A growing number of Americans are delaying payments, cutting coverage or dropping auto insurance entirely — not necessarily a choice — but as a last resort. It’s one of the clearest signals that household budgets are hitting a breaking point.

Auto insurance has become a reliable early marker of financial stress. According to CCC Intelligent Solutions’ Crash Course Q3 2025 Report, more drivers are missing payments, downgrading their policies or letting coverage lapse. That trend helps explain why total insurance claims are down 8.5% this year through July, even as U.S. miles driven continue to rise. The disconnect reflects a shift away from comprehensive and collision coverage, which can add more than $1,000 a year to premiums. Nearly 30% of Americans have downgraded or canceled insurance in the past year, with auto coverage seeing the steepest pullback.

Premiums themselves have surged in recent years. While the rate of increase has cooled slightly, consumers are still paying far more than before the pandemic. Rising vehicle prices, higher repair costs and increasingly complex technology — from Advanced Driver-Assistance System (ADAS) sensors to bumper cameras — have made even minor repairs expensive, pushing insurers to raise rates. To cope, more consumers are choosing higher deductibles and lower monthly premiums. About a quarter of U.S. auto insurance customers now have deductibles of $1,000 or more, and 7% say they have avoided filing a claim for fear their rates will climb.

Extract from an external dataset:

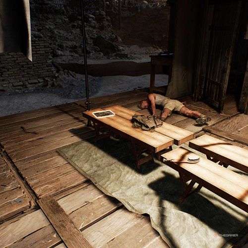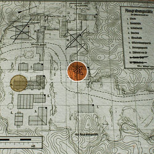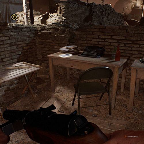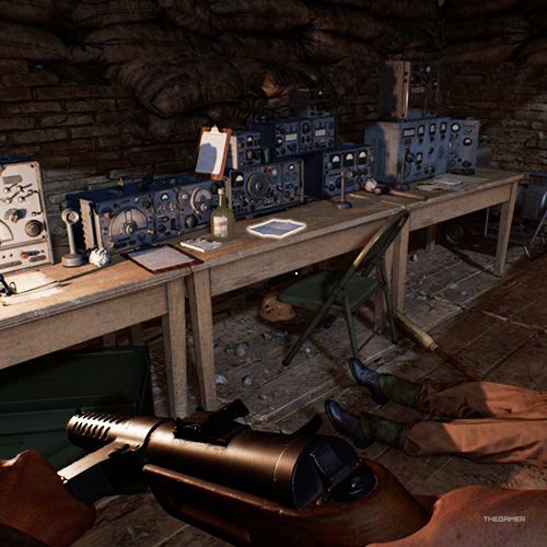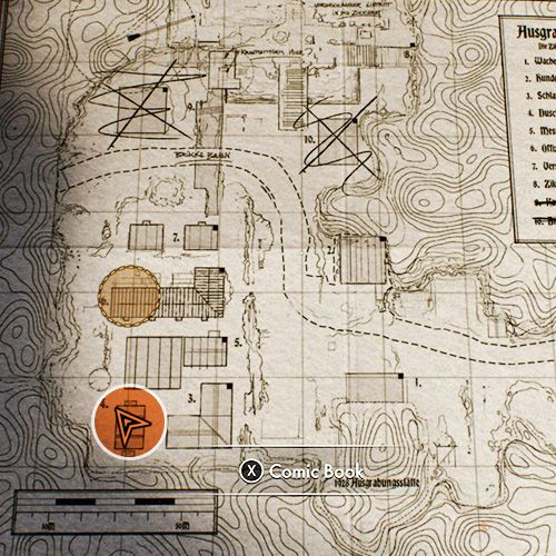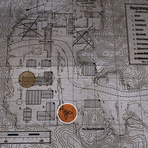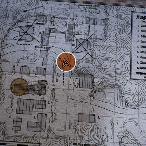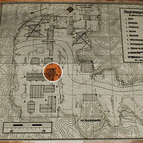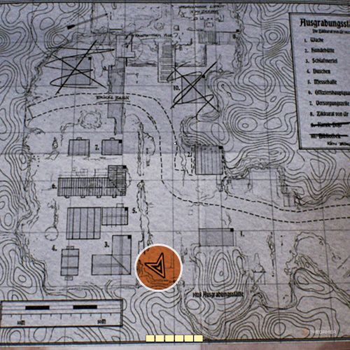 木製のプラットフォームの上を歩いた後そして、軍事エリアに到達し、まっすぐ続くと、ナチスがトレンチ間の通信装置と話しているのが見えます。彼を殺してから近くの机から地域の地図を取ります。 | ||
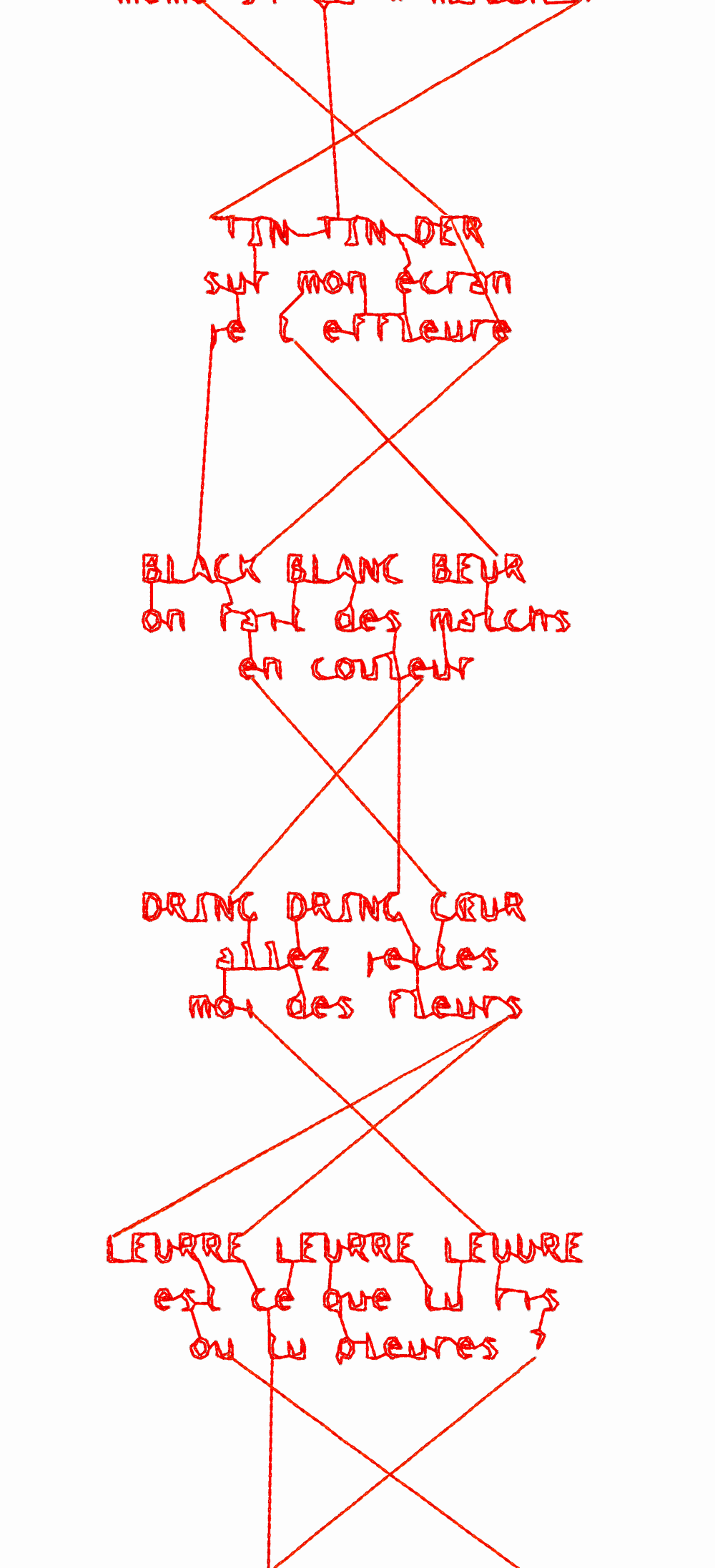jusqu’à devenir des lignes qu’on suit; puis elles relient un autre message; une autre chemise, un autre personnnage. Séparés mais unis. Le message s’envole pour former la signature.

These choices are playing out against a backdrop of broad financial strain. Total household debt reached $18.2 trillion in early 2025, including $1.66 trillion in auto loans. Nearly 8% of auto loans are now 30 or more days delinquent, the highest share since 1994, while repossessions have jumped 43% since 2022. Subprime distress is rising fastest, with 6.65% of these borrowers being over 60 days past due. Consumers who remain in the market for vehicles are stretching themselves thin, taking on record loan amounts, extending terms to 84 months and trading in with growing negative equity.

Meanwhile, pressure consumers are facing goes well beyond insurance. Surveys show that many Americans are delaying major purchases, switching to cheaper goods and cutting back on essentials wherever possible. These signals paint a consistent picture that households are running out of room to maneuver. This report tells us that auto insurance is becoming one of the latest worries in the economy, which currently hosts a weak job market and elevated levels of inflation.